#### [WHAT YOU ARE ASKED TO DO]
Only a slice of the listing below is wanted. Retype the lines from the one containing "We are offering" through the one containing "マメハンミョウ成虫 太い葉脈だけを残して食害", exactly, both ends included.

#### [THE INPUT]
____________

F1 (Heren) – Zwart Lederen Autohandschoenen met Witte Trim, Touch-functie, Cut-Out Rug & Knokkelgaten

____________

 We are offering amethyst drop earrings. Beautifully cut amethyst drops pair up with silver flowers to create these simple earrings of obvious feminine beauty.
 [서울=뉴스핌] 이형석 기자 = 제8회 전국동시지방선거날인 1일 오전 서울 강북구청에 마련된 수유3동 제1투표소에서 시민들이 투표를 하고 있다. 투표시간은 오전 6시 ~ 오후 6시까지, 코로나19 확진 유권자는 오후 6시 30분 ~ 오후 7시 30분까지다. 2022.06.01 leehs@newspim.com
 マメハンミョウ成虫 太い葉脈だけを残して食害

____________

#### [WRITTEN REPLY]
 We are offering amethyst drop earrings. Beautifully cut amethyst drops pair up with silver flowers to create these simple earrings of obvious feminine beauty.
 [서울=뉴스핌] 이형석 기자 = 제8회 전국동시지방선거날인 1일 오전 서울 강북구청에 마련된 수유3동 제1투표소에서 시민들이 투표를 하고 있다. 투표시간은 오전 6시 ~ 오후 6시까지, 코로나19 확진 유권자는 오후 6시 30분 ~ 오후 7시 30분까지다. 2022.06.01 leehs@newspim.com
 マメハンミョウ成虫 太い葉脈だけを残して食害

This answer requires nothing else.